# Flight of Fear

### Grand Dynamic Coasters Inc.

## Grand Dynamic Coasters Inc.

## Flight of Fear

## Quick Facts

Duration: 100 seconds

Height Requirements: 55"

Maximum Height: 300 feet

Distance Off Ground: 10 feet

Manufacturer: Grand Dynamic Coasters Inc.

Maximum Speed: 150 km/h

## Fun Facts

>Empire Amusement Parks 20th Roller Coaster

>First Roller Coaster to touch 300 feet

## Birth of Flight of Fear

## Final Copy

## Problems

During the creation of this rollercoaster we had discussed what we enjoyed the most on our favorite rollercoaster and put that into creating this. Things like multiple drops were taken into consideration and changing direction a lot. We found that having few bigger drops were not as fun as having smaller drops. Also we found that having a lot of changing directions (up and downs) made for a fun ride. At first we thought it would be easy to create a simple rollercoaster from a few equations learned this year but then having to get the numbers down correct and restrictions as well as making it look realistic proved to be a difficult task. We made simple graphs without transformations then slowly added transformations. When that was done we zoomed in on each and make sure they link correctly. Few equations needed to be deleted and switched for others because it made the rollercoaster transition smoothly. We also increased our time to 1000 making every 10 units one second. This gave us fewer decimals.

## General Description of each equation

The main goal for Grand Dynamic Coasters Inc. was to design and height vs time roller coaster with a few restrictions. The roller coaster had to be made with functions used in MHF4U0. Also it needed to complete itself in 100 seconds as well as keep between a height restriction of [yeR/10<y<300].

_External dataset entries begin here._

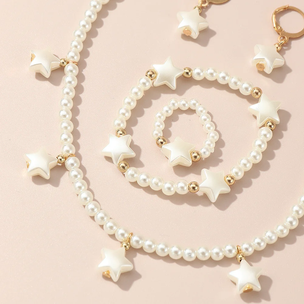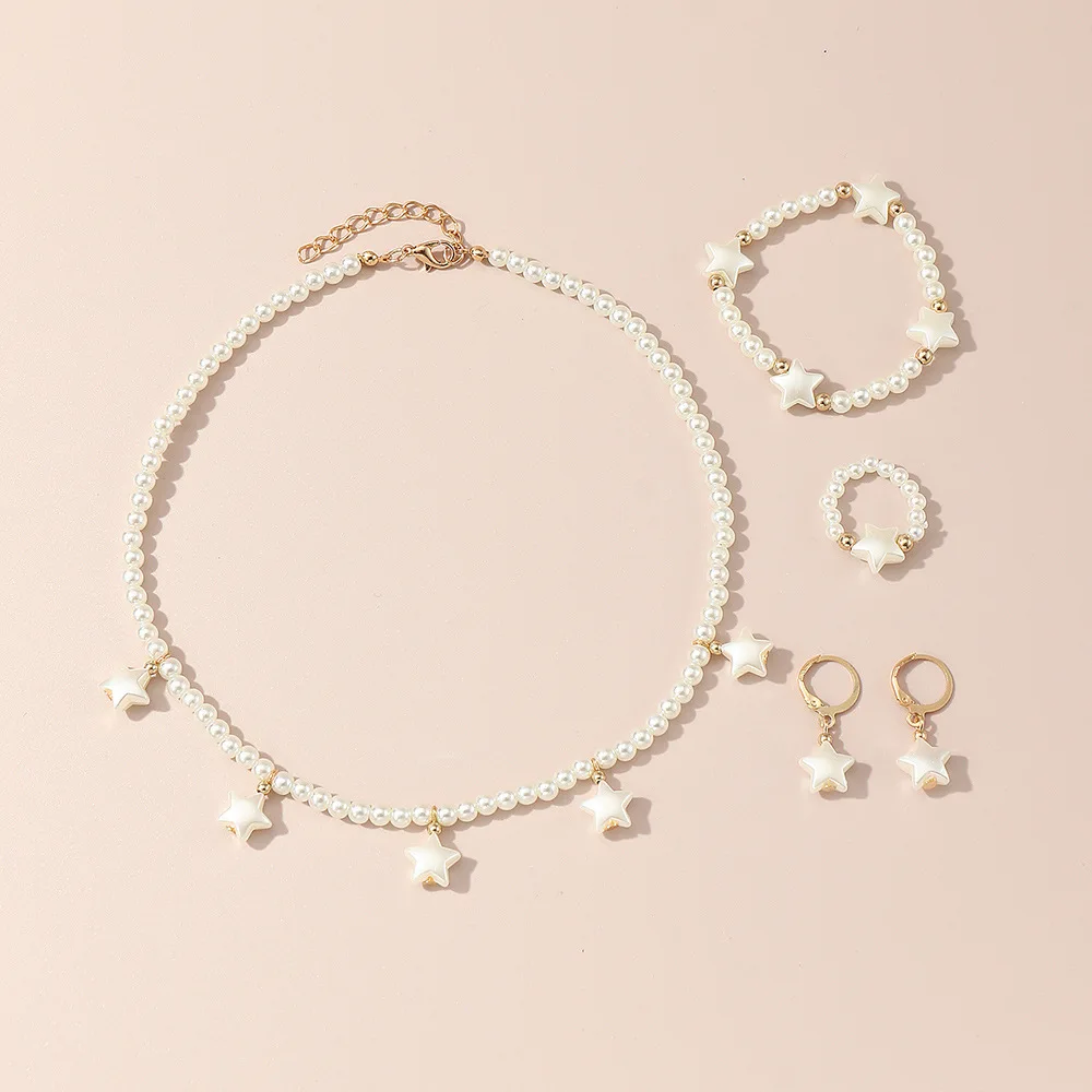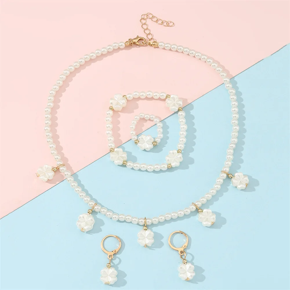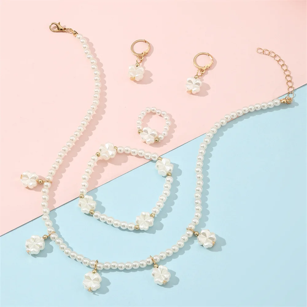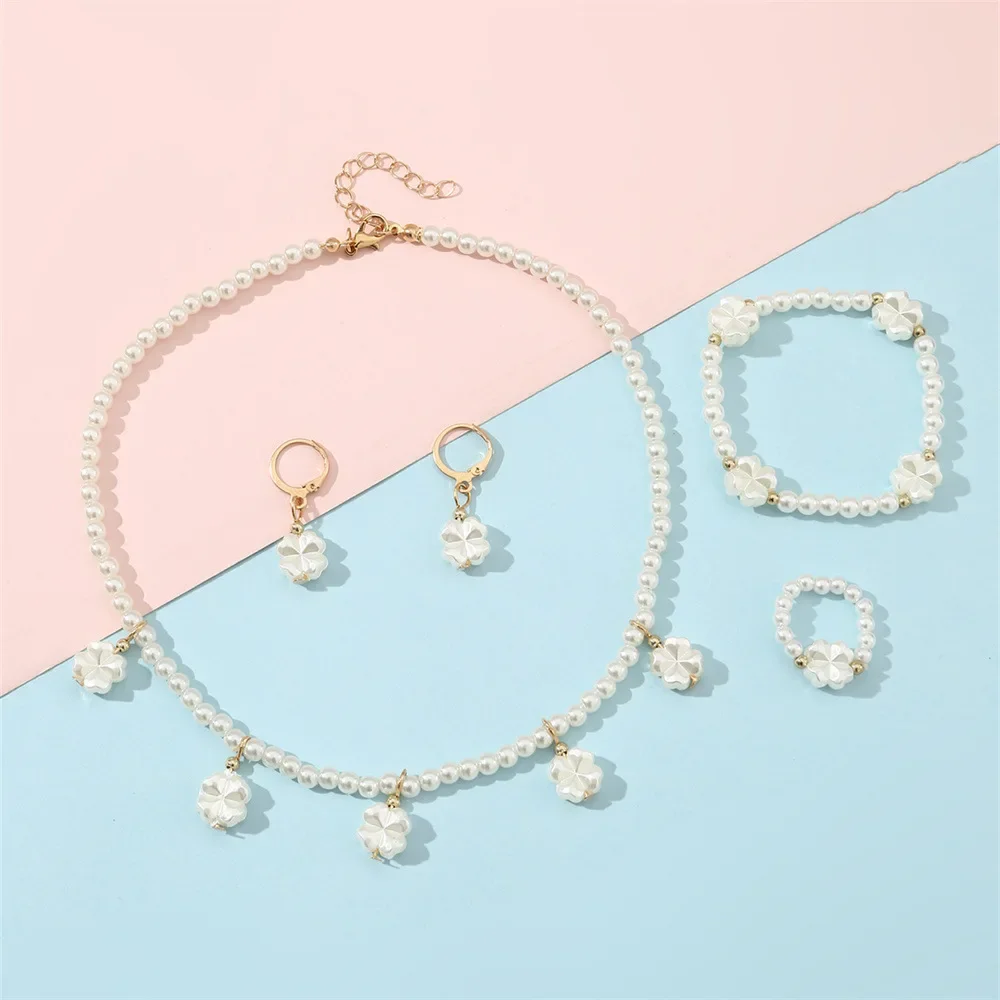 Children’s Luxury Pearl Jewellery Set – French Style Earrings, Bracelet, Necklace & Ring | Elegant Kids Jewellery Gift!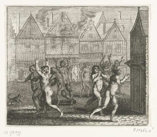 Wederdopers jeremiëren (ja, ik moest het woord ook opzoeken) naakt door winters Amsterdam, februari 1535. Een fatsoenlijke vrouw houdt natuurlijk wel haar hul op (de persoon links). Beeld: Collectie Catharijneconvent, Utrecht.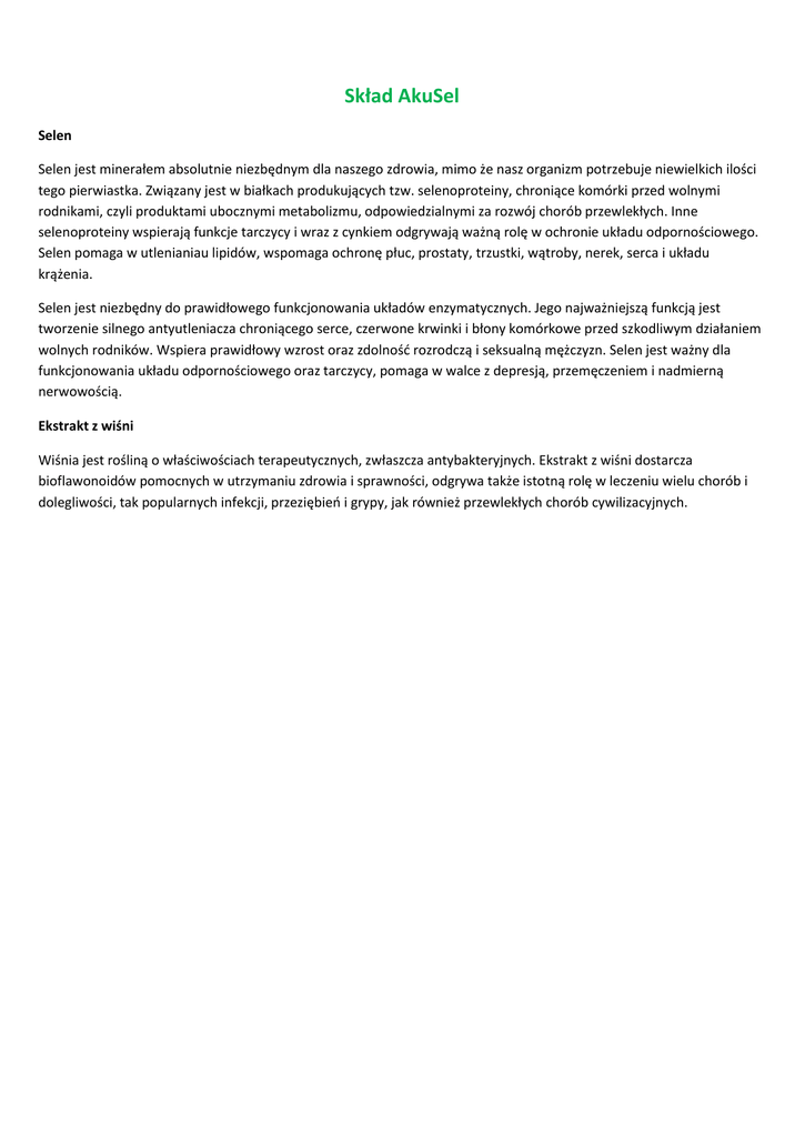 Skład AkuSel Selen Selen jest minerałem absolutnie niezbędnym dla naszego zdrowia, mimo że nasz organizm potrzebuje niewielkich ilości tego pierwiastka. Związany jest w białkach produkujących tzw. selenoproteiny, chroniące komórki przed wolnymi rodnikami, czyli produktami ubocznymi metabolizmu, odpowiedzialnymi za rozwój chorób przewlekłych. Inne selenoproteiny wspierają funkcje tarczycy i wraz z cynkiem odgrywają ważną rolę w ochronie układu odpornościowego. Selen pomaga w utlenianiau lipidów, wspomaga ochronę płuc, prostaty, trzustki, wątroby, nerek, serca i układu krążenia. Selen jest niezbędny do prawidłowego funkcjonowania układów enzymatycznych. Jego najważniejszą funkcją jest tworzenie silnego antyutleniacza chroniącego serce, czerwone krwinki i błony komórkowe przed szkodliwym działaniem wolnych rodników. Wspiera prawidłowy wzrost oraz zdolność rozrodczą i seksualną mężczyzn. Selen jest ważny dla funkcjonowania układu odpornościowego oraz tarczycy, pomaga w walce z depresją, przemęczeniem i nadmierną nerwowością. Ekstrakt z wiśni Wiśnia jest rośliną o właściwościach terapeutycznych, zwłaszcza antybakteryjnych. Ekstrakt z wiśni dostarcza bioflawonoidów pomocnych w utrzymaniu zdrowia i sprawności, odgrywa także istotną rolę w leczeniu wielu chorób i dolegliwości, tak popularnych infekcji, przeziębień i grypy, jak również przewlekłych chorób cywilizacyjnych.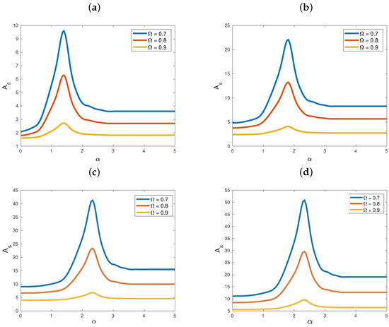 Next, we proceeded to study, in Figure 2, the same Case II example with and , with all other parameters the same as in Figure 1. The important difference here was that we chose driving frequencies smaller than 1 in the different plots: (a) , (b) , (c) and (d) .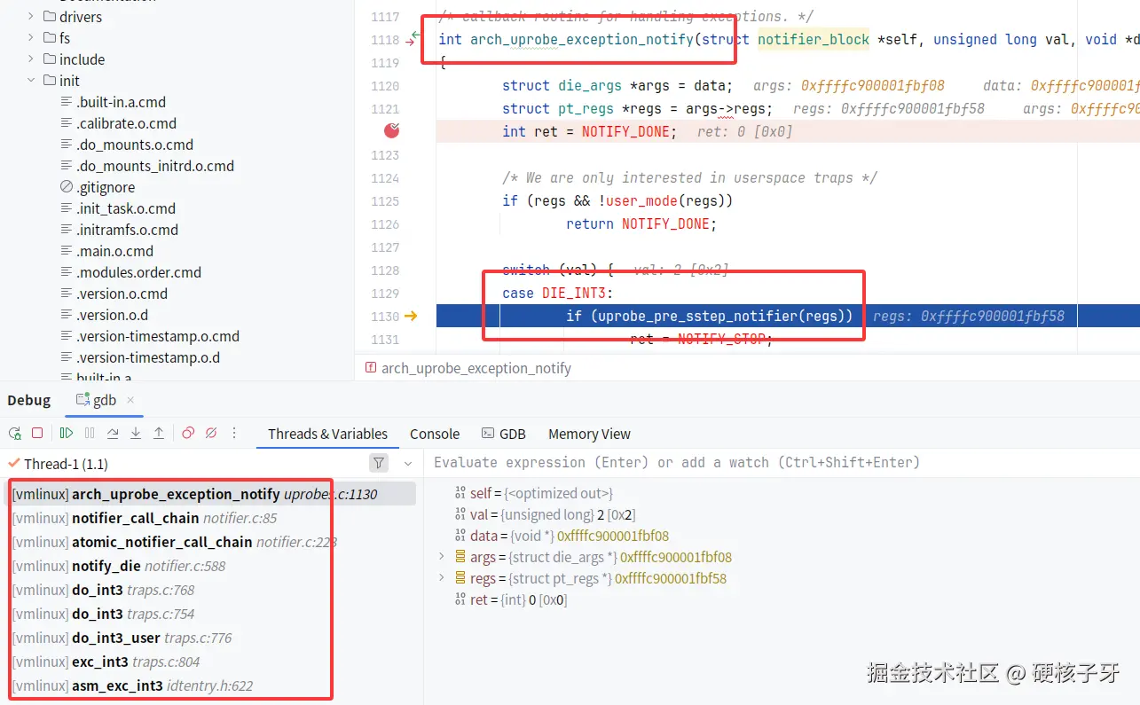 其实Linux内核也没做区分,Linux内核中有个die_notifier链,3号异常来了,先丢给优先级最高的notifier处理,ebpf插桩的优先级比gdb断点要高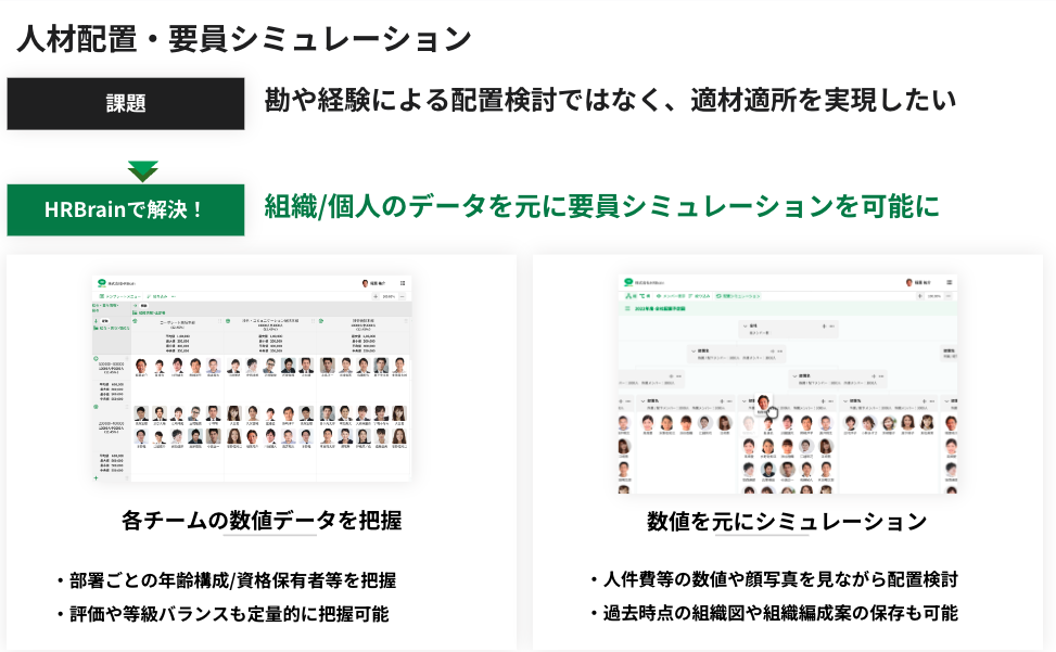 なかでも特徴的なのが、配置シミュレーション機能である。人材データをもとに組織図が自動生成され、顔写真をドラッグ&ドロップすることで、異動後の体制を視覚的にシミュレーションできる。加えて、給与データなどとも連携しており、異動にともなう人件費の増減も可視化される仕組みである。
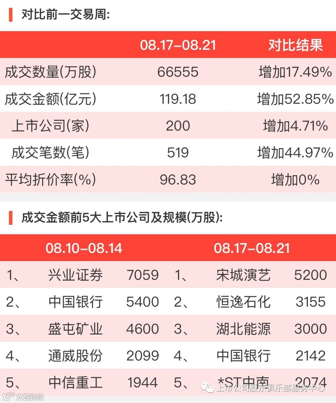 2020年8月17日至8月21日,大宗交易成交金额119.18亿元,交易股票数200只,成交笔数519笔,平均成交折价率为96.83%,成交数量66555万股。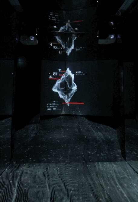 3臺Vivitek(麗訊) RU70953進(jìn)行三面?zhèn)韧?,搭配?nèi)部嵌入交互感應(yīng)系統(tǒng),以“仿生雕塑”為核心概念進(jìn)行深入延伸,同時對生物結(jié)構(gòu)進(jìn)行抽象化的提取和重塑,將其形態(tài)配合音樂節(jié)奏進(jìn)行“呼吸”與演變。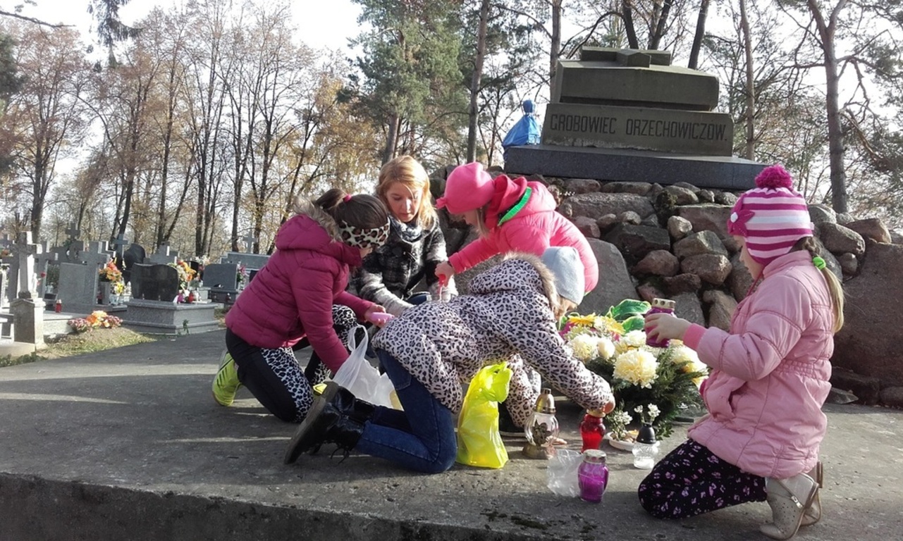 Przełom października i listopada to czas , w którym uczniowie i nauczyciele odwiedzają kalnikowskie cmentarze. Większośc klas w tym czasie zapaliła znicze na rodzinnym grobowcu patrona szkoły p. Boleslawa Orzechowicza, grobie księdza Kazimierza Florka i na grobie przedwojennego dyrektora szkoły p. Grzegorza Dziubińskiego. W tym roku reprezentując Samorząd Uczniowski grobowiec Orzechowiczów porządkowała klasa I gimnazjum. Szczególne podziękowania należą się uczniom gimnazjum , którzy w sobotę 31.10.2015 r. porządkowali cmentarz wojenny.

This coaster consists of multiple functions. A function can be described as a relation in where every x value has a different y value.

Since this was a height vs time graph, the x axis became time (independent variable), and the y axis became height (dependent variable).

**1. y = 10 **

D{xeR|0 ≤ x ≤ 60.6} , D{xeR}

R{yeR|y=10}

Horizantal line at y=10.

Horizantal line at y=10 with line starting at an x value of 0 and ending at x=60.6.

End behavior = x --> ∞, y = 10. X --> -∞, y = 10

Base Function=x

**2. y=1.5(x-35)/15+8 **

D{xeR|59.7 ≤ x ≤ 190.8} , D{xeR}

R{yeR|y > 8}

A= Vertical stretch by factor of 1.5

K= Horizontal stretch 15

D= Shift 35 units right

C= Shift 8 units up

Base Function=1.5x

**3. y=-[(x/5.1)-52.4]^2+300**

D{xeR|190.8 ≤ x ≤ 263.455} , D{xeR}

R{yeR}

A= Vertical reflection

K= Horizontal stretch by factor of 5.1

D= Shift 267.24 units right

C= Shift 300 units up

Base Function=x2

End behavior = x --> ∞, y --> -∞. X --> -∞ y --> -∞

**4. Y=300cos[1/35(x-260)]+0.91**

D{xeR|263.455 ≤ x≤ 283.089} , D{xeR}

R{yeR|-1 ≤ y ≤ 1} , R{yeR|-299.09 ≤ y ≤ 300.91}

A= Vertical stretch by factor of 300

K= Horizontal stretch by factor of 1/35

D= Shift 260 units right

C= Shift 0.91 units up

Base Function=cos(x)

**5. Y=-[1/940(x-321)^3]+180**

D{xeR} , D{xeR|283.089≤ x ≤ 325.0139}

R{yeR}

A= Vertical reflection

K= Horizontal stretch by factor of 940

D= shift 321 units right

C= shift 180 units up

End behavior = x --> ∞, y --> -∞. X --> -∞ y --> ∞

**6. Y=[1/99999(x-375)^4]+117**

D{xeR|325.0139 ≤ x ≤ 334.5} , D{xeR}

R{yeR|y ≥ 117}

K= Horizontal stretch by factor of 99999

D= Shift 375 units right

C= Shift 1117 units up

Base Function=x3

End behavior = x --> ∞, y --> ∞ ; x --> -∞ y --> ∞

**7. y=((x-364)/4)^2+90**

Domain without restriction= [xeR]

Range without restriction= [yeR/90≤y]

Domain with restriction= [xeR/ 334.5≤x≤375.977]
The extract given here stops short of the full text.